Task to carry out:
Nothing but the lines from the one containing "Casely iPhone 15" through the end of the data below should appear in the answer, each exact and free of pictures.

-------- Available data --------

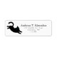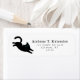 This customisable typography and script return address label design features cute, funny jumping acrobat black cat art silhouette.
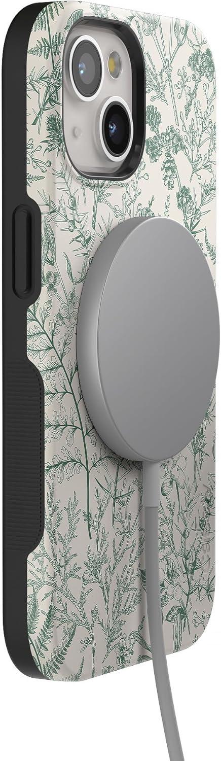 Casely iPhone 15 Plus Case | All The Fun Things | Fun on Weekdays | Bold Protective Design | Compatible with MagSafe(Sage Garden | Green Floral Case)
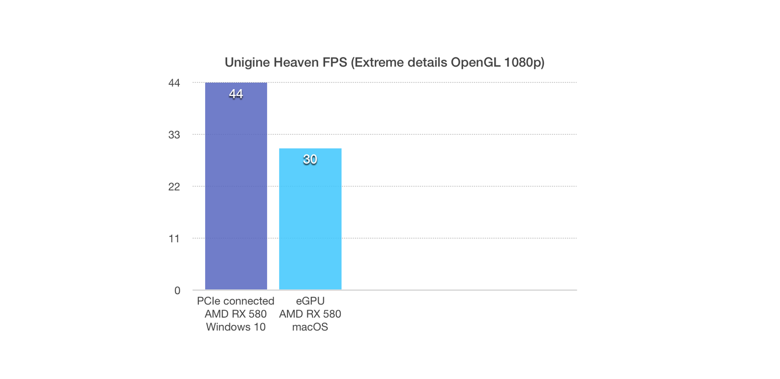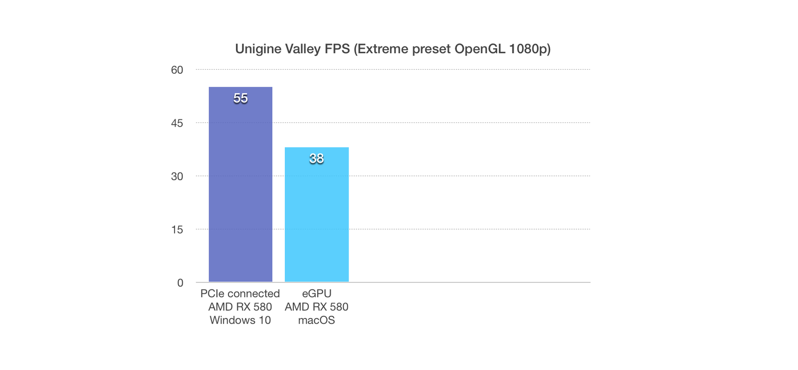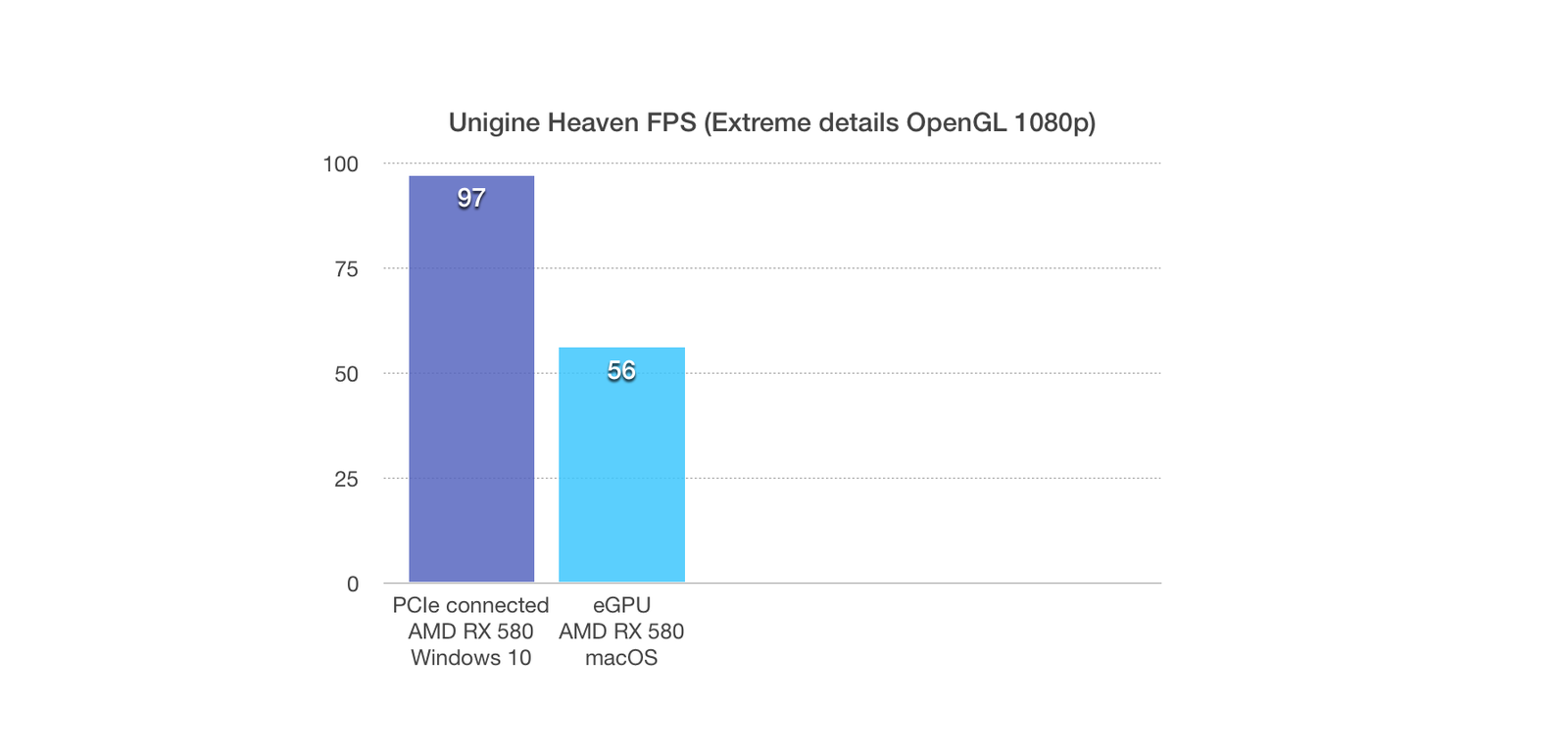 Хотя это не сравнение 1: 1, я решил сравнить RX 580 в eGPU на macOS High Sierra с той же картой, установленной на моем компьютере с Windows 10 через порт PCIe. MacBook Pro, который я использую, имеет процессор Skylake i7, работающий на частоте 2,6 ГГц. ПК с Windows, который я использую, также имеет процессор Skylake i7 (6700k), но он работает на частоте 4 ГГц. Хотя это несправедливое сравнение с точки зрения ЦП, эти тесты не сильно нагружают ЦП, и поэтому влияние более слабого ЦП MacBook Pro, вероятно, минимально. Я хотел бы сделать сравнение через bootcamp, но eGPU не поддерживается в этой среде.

--------

Response box:
 Casely iPhone 15 Plus Case | All The Fun Things | Fun on Weekdays | Bold Protective Design | Compatible with MagSafe(Sage Garden | Green Floral Case)
 Хотя это не сравнение 1: 1, я решил сравнить RX 580 в eGPU на macOS High Sierra с той же картой, установленной на моем компьютере с Windows 10 через порт PCIe. MacBook Pro, который я использую, имеет процессор Skylake i7, работающий на частоте 2,6 ГГц. ПК с Windows, который я использую, также имеет процессор Skylake i7 (6700k), но он работает на частоте 4 ГГц. Хотя это несправедливое сравнение с точки зрения ЦП, эти тесты не сильно нагружают ЦП, и поэтому влияние более слабого ЦП MacBook Pro, вероятно, минимально. Я хотел бы сделать сравнение через bootcamp, но eGPU не поддерживается в этой среде.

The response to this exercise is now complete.